Unprecedented import volumes to continue well into 2022: analysts

Containers_at_port

A lack of vessel capacity in the trans-Pacific and a shortage of chassis won’t show the first signs of easing for at least six months, but even then US import pressures will continue to slow velocity through ports, rail ramps, and warehouses, according to industry analysts.

“More than 400,000 TEU are just sitting there [off Southern California],” Lars Jensen, CEO of Vespucci Maritime, told the Intermodal Association of North America (IANA) Expo in Long Beach Monday. “The way to solve this is to resolve the bottlenecks, and the solution is landside.”

Jensen’s comments were borne out by Monday’s anchorage report by the Marine Exchange of Southern California, which showed a record 56 container ships at anchor awaiting berthing space, and an additional 31 container ships at berth being worked. The Los Angeles Port Optimizer on Tuesday listed the average time of vessels at anchor at 8.5 days. Los Angeles-Long Beach accounts for 50 percent of US imports from Asia, according to PIERS, a JOC.com sister product within IHS Markit.

Unprecedented import volumes for 14 consecutive months are causing the vessel bunching, while bottlenecks at warehouses and inland rail hubs are also contributing to port congestion. Jensen, also a JOC analyst, said North America will not begin to experience relief from this “fantastic peak” until late in the first quarter of 2022 as production in Asia slows down when factories shut for the annual Lunar New Year celebrations.

“It will be at least six months before there is a glimmer of hope that things will be back to normal,” he said.

Chassis shortages contribute to landside congestion

Chassis shortages are contributing to landside congestion not only in Southern California, but also in the Southeastern ports of Savannah and Charleston and at inland rail hubs such as Chicago, Memphis, and Kansas City. In the Southeast, the “street dwell” of chassis with containers sitting on them has more than doubled from 6 days recently to about 15 days, Mike Wilson, CEO of Consolidated Chassis Management, told JOC.com Monday.

Congested warehouses in the Southeast, as well as truck capacity and chassis shortages in the region, are making it difficult to move imported containers from the ports to the warehouses, and from warehouses to retail stores, Wilson said.

“It’s about the surge of cargo and slow turn times and the depleted chassis supply,” he said.
Containers that move by rail to the inland hubs are also backing up because of congested ramps. At some ramps, the railroads prefer to keep the containers on chassis. If the railroads would stack containers on the ground, it would free up the chassis for more trips and open the yards for additional train arrivals, but the railroads at some locations resist these measures, Wilson said.

“The railroads are starting to realize now they have to go grounded,” he said, which means they will have to invest in more heavy-lift equipment to lift the containers from the rail cars and stack them on the ground. “I think they have to go there.”
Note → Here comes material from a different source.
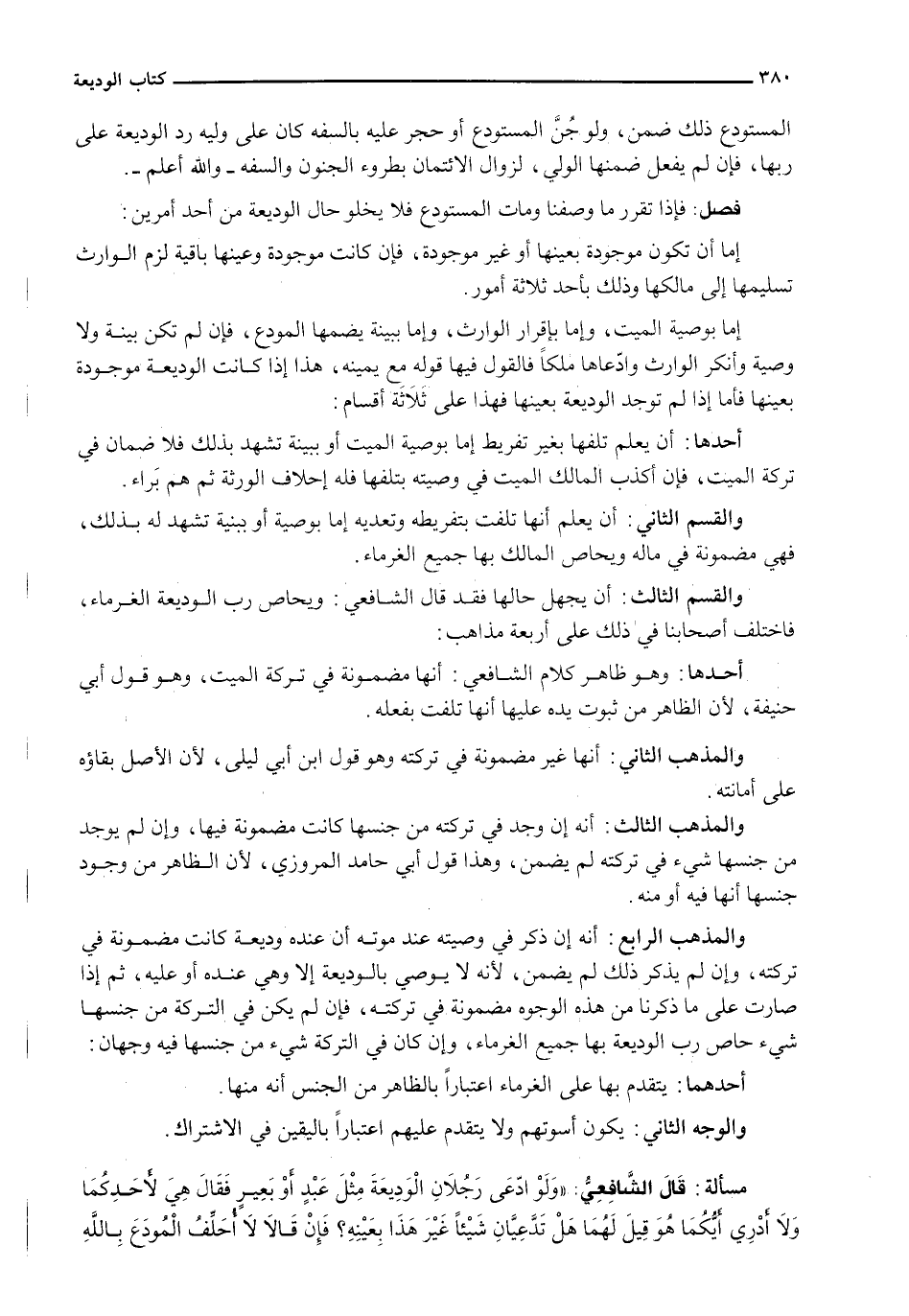 وَالْمَذْهَبُ الرَّابِعُ: أَنَّهُ إِنْ ذَكَرَ فِي وَصِيَّتِهِ عِنْدَ مَوْتِهِ أَنَّ عِنْدَهُ وَدِيعَةً كَانَتْ مَضْمُونَةً فِي تَرِكَتِهِ، وَإِنْ لَمْ يَذْكُرْ ذَلِكَ لَمْ يَضْمَنْ، لِأَنَّهُ لَا يُوصِي بِالْوَدِيعَةِ إِلَّا وَهِيَ عِنْدَهُ أَوْ عَلَيْهِ، ثُمَّ إِذَا صَارَتْ عَلَى مَا ذَكَرْنَا مِنْ هَذِهِ الْوُجُوهِ مَضْمُونَةً فِي تَرِكَتِهِ، فَإِنْ لَمْ يَكُنْ فِي التَّرِكَةِ مِنْ جِنْسِهَا شَيْءٌ حَاصَّ رَبُّ الْوَدِيعَةِ بِهَا جَمِيعَ الْغُرَمَاءِ، وَإِنْ كَانَ فِي التَّرِكَةِ شيء من جنسها فيه وَجْهَانِ:

The 1.8 billion square feet of warehouse and industrial space in Southern California has been operating at capacity for weeks due to the crush of imports, as well as labor shortages at the warehouses. As a result, the average street dwell time for 40-foot chassis in Southern California this week is 8.5 days, according to the Pool of Pools website that is managed by the intermodal equipment providers (IEPs). The IEPs say chassis shortages begin to surface in the region when the dwell time exceeds four days.

US chassis supply to be stressed into 2022

The US chassis supply nationwide is stressed and will likely remain so well into 2022, Tim Denoyer, vice president and senior analyst at ACT Research, told the IANA Expo. “We’ve been under-invested in chassis for the past two years,” he said.

Furthermore, tariffs implemented during the Trump administration amid the US-China trade war remain in effect. Even more severe antidumping and countervailing duties of almost 200 percent imposed by the US International Trade Commission this spring on China Intermodal Marine Containers, the world’s largest producer of chassis, have effectively stopped chassis imports from China, Denoyer said.